§ INPUT DATA:
------------------------

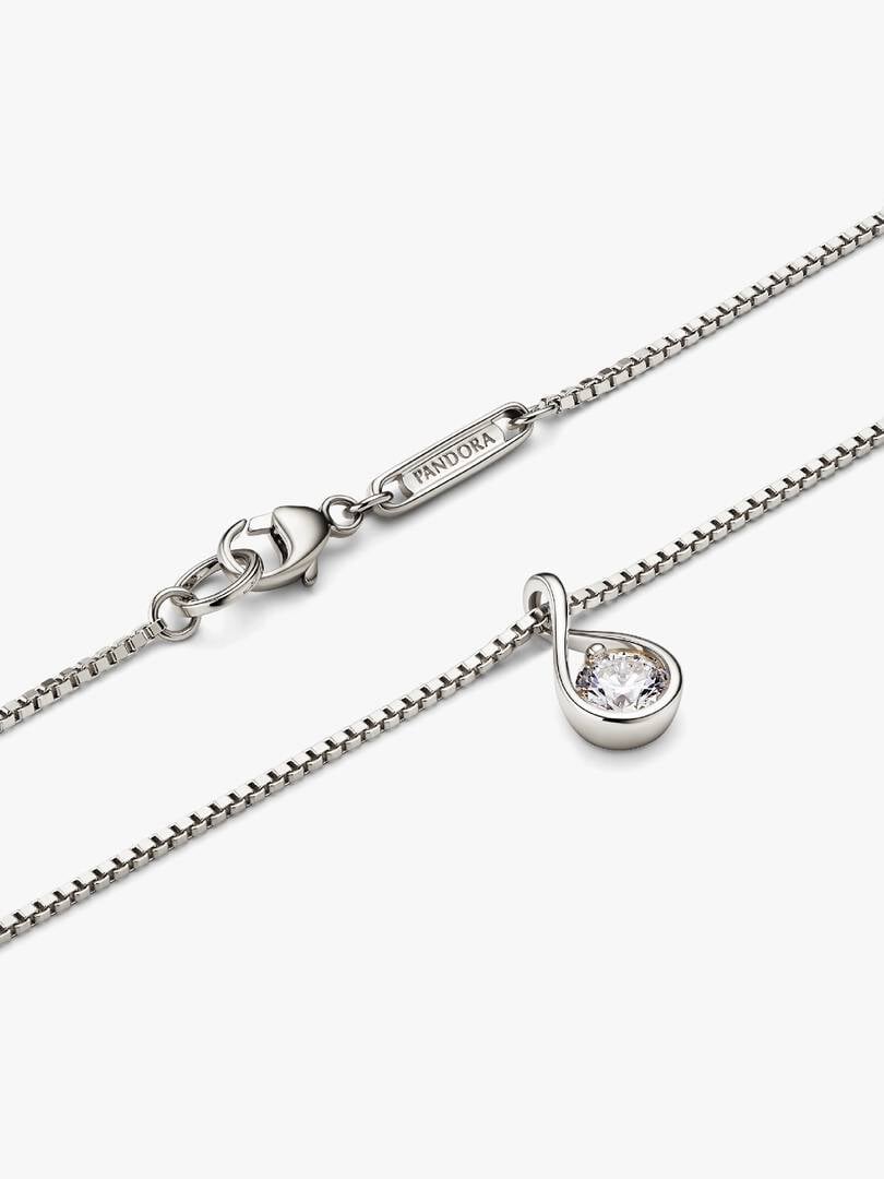 e holds, this pendant features a round brilliant excellent cut lab-grown diamond in a modern infinity setting that flows around the stone and suspends it in mid-air. An elevated piece that will shine on any neckline. Each brand Lab-grown diamond is treated with a post-growth color enhancement called annealing.
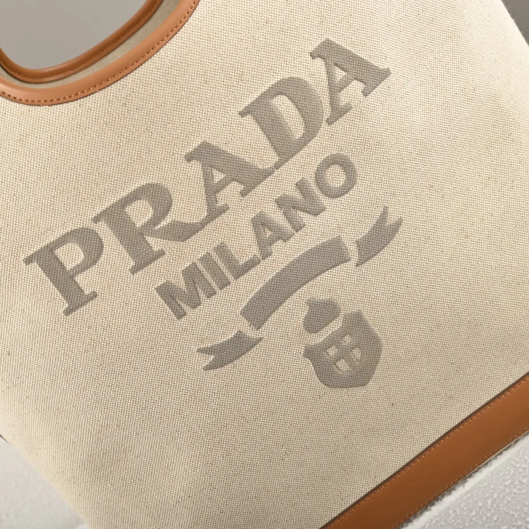普拉达 1BG472 Summer 亚麻混纺配皮大号托特包 手提包
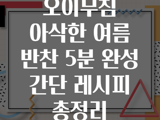 🥒 오이무침 아삭한 여름 반찬 5분 완성 간단 레시피 총정리 🌞🍴안녕하세요, 여러분! 여름철이면 꼭 생각나는 반찬 중 하나가 바로 아삭아삭 신선한 오이무침이죠? 🥒💚 끈적한 더위에 입맛 없을 때, 새콤달콤 매콤한 오이무침 하나면 밥 한 공기 뚝딱! 하고 넘어갑니다. 그런데 여러분, 오이무침 하나 만드는 데도 생각보다 재료, 양념, 방법이 다양하다는 사실 알고 계셨나요? 🤔오늘은 집에 있는 재료로 5분 만에 뚝딱 완성하는 아삭한 오이무침 꿀팁과 다양한 레시피를 소개해드리겠습니다. 간단하지만 맛있고, 건강에도 좋은 오이무침 만들기... 함께해요! 🌈🥢📋 1️⃣ 오이무침 기본 재료 및 양념 체크리스트 ✅아주 간단한 오이무침이지만, 항상 기본이 탄탄해야 맛이 돋보입니다!🥒 오이 (3개 기준, ..

------------------------

§ WHAT IS BEING ASKED:
One exact copy of the data is required, and it should hold no pictures.

§ OUTPUT FOR THIS TASK:
 e holds, this pendant features a round brilliant excellent cut lab-grown diamond in a modern infinity setting that flows around the stone and suspends it in mid-air. An elevated piece that will shine on any neckline. Each brand Lab-grown diamond is treated with a post-growth color enhancement called annealing.
普拉达 1BG472 Summer 亚麻混纺配皮大号托特包 手提包
 🥒 오이무침 아삭한 여름 반찬 5분 완성 간단 레시피 총정리 🌞🍴안녕하세요, 여러분! 여름철이면 꼭 생각나는 반찬 중 하나가 바로 아삭아삭 신선한 오이무침이죠? 🥒💚 끈적한 더위에 입맛 없을 때, 새콤달콤 매콤한 오이무침 하나면 밥 한 공기 뚝딱! 하고 넘어갑니다. 그런데 여러분, 오이무침 하나 만드는 데도 생각보다 재료, 양념, 방법이 다양하다는 사실 알고 계셨나요? 🤔오늘은 집에 있는 재료로 5분 만에 뚝딱 완성하는 아삭한 오이무침 꿀팁과 다양한 레시피를 소개해드리겠습니다. 간단하지만 맛있고, 건강에도 좋은 오이무침 만들기... 함께해요! 🌈🥢📋 1️⃣ 오이무침 기본 재료 및 양념 체크리스트 ✅아주 간단한 오이무침이지만, 항상 기본이 탄탄해야 맛이 돋보입니다!🥒 오이 (3개 기준, ..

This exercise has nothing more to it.